* _Instructions for the task_
Print the first line of the material below and each line after it, exactly as written, ending with the line that contains "Justin Thomas celebrates".

* _Data records_
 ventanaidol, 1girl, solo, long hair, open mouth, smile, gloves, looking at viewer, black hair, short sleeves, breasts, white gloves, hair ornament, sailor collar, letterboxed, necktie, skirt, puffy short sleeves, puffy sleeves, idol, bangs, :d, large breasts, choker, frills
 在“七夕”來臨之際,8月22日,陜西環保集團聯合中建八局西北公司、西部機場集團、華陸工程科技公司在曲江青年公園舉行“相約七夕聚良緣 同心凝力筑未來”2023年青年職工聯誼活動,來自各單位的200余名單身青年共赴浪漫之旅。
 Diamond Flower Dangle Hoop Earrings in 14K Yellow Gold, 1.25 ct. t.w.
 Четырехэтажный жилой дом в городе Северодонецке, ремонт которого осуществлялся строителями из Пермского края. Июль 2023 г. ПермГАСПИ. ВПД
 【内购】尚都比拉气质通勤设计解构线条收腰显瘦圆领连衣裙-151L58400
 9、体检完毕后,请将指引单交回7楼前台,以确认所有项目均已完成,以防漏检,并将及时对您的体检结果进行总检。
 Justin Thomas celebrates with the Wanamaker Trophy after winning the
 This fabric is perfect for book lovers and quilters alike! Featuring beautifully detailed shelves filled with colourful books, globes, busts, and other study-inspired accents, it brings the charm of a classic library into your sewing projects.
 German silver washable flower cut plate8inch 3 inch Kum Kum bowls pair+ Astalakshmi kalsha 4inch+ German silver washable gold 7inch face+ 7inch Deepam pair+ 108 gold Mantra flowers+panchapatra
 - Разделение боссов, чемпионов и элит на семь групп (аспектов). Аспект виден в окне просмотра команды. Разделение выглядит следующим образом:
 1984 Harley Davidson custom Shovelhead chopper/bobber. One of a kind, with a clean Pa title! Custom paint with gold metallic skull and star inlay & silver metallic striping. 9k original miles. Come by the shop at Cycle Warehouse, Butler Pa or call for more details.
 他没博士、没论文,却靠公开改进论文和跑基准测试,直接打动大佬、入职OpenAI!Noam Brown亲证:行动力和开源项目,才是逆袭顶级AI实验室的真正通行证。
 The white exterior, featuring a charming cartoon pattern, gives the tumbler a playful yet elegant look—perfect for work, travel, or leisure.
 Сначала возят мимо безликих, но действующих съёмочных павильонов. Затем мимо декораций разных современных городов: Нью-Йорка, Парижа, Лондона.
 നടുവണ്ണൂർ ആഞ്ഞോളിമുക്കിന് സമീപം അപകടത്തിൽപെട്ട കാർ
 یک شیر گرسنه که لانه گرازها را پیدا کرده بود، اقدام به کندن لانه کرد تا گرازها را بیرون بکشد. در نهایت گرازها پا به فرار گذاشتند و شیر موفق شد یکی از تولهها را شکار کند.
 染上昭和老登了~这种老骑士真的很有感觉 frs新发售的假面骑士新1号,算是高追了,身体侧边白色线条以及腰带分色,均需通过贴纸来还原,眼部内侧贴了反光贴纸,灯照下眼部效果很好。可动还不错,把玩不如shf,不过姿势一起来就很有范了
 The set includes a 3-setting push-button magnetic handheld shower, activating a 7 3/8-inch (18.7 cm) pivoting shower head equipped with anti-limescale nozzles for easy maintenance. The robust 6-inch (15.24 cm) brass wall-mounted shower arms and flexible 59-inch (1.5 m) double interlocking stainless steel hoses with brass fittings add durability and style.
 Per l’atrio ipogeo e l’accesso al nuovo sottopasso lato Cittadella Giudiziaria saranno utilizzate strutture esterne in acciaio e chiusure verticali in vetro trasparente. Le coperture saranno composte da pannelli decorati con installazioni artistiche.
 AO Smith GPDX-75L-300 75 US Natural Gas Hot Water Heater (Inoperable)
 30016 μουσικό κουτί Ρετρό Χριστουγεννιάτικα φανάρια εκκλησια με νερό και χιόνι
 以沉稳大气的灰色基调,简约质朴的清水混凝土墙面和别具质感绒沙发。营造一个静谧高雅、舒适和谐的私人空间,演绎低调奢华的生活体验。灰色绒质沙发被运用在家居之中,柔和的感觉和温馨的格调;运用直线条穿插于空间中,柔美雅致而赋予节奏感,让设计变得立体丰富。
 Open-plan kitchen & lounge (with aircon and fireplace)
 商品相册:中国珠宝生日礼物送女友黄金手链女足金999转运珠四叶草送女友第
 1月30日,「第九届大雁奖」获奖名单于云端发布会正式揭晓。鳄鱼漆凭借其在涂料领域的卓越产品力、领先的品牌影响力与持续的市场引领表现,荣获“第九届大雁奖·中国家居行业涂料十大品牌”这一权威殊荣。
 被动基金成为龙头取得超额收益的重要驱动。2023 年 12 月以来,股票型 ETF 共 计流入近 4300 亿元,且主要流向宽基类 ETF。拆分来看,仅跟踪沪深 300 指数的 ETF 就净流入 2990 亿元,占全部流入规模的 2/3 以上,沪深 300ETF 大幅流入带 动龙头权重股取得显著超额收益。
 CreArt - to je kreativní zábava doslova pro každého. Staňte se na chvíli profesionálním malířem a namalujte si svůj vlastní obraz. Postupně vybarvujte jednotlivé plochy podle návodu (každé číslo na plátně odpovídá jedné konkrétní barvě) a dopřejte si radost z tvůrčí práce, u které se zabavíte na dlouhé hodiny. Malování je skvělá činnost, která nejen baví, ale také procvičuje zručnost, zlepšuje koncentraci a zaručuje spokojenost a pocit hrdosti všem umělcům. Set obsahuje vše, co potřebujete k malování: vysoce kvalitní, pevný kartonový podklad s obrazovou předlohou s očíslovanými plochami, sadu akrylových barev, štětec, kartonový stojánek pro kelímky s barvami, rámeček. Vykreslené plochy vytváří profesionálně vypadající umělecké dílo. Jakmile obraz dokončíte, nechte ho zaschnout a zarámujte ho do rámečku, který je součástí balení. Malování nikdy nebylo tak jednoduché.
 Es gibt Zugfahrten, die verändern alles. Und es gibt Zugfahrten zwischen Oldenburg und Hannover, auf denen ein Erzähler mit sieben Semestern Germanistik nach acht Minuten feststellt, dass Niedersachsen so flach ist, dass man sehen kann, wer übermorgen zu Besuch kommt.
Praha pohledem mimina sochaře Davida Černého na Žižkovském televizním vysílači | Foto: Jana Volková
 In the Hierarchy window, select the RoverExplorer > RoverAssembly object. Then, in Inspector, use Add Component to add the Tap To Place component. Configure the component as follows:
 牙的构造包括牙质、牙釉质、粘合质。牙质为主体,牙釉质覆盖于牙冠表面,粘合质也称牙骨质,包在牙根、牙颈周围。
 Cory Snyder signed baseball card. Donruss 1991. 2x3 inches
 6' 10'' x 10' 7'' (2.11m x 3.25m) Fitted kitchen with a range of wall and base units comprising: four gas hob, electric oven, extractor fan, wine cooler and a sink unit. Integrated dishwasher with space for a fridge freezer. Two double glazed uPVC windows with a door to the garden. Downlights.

* _Response to this exercise_
 ventanaidol, 1girl, solo, long hair, open mouth, smile, gloves, looking at viewer, black hair, short sleeves, breasts, white gloves, hair ornament, sailor collar, letterboxed, necktie, skirt, puffy short sleeves, puffy sleeves, idol, bangs, :d, large breasts, choker, frills
 在“七夕”來臨之際,8月22日,陜西環保集團聯合中建八局西北公司、西部機場集團、華陸工程科技公司在曲江青年公園舉行“相約七夕聚良緣 同心凝力筑未來”2023年青年職工聯誼活動,來自各單位的200余名單身青年共赴浪漫之旅。
 Diamond Flower Dangle Hoop Earrings in 14K Yellow Gold, 1.25 ct. t.w.
 Четырехэтажный жилой дом в городе Северодонецке, ремонт которого осуществлялся строителями из Пермского края. Июль 2023 г. ПермГАСПИ. ВПД
 【内购】尚都比拉气质通勤设计解构线条收腰显瘦圆领连衣裙-151L58400
 9、体检完毕后,请将指引单交回7楼前台,以确认所有项目均已完成,以防漏检,并将及时对您的体检结果进行总检。
 Justin Thomas celebrates with the Wanamaker Trophy after winning the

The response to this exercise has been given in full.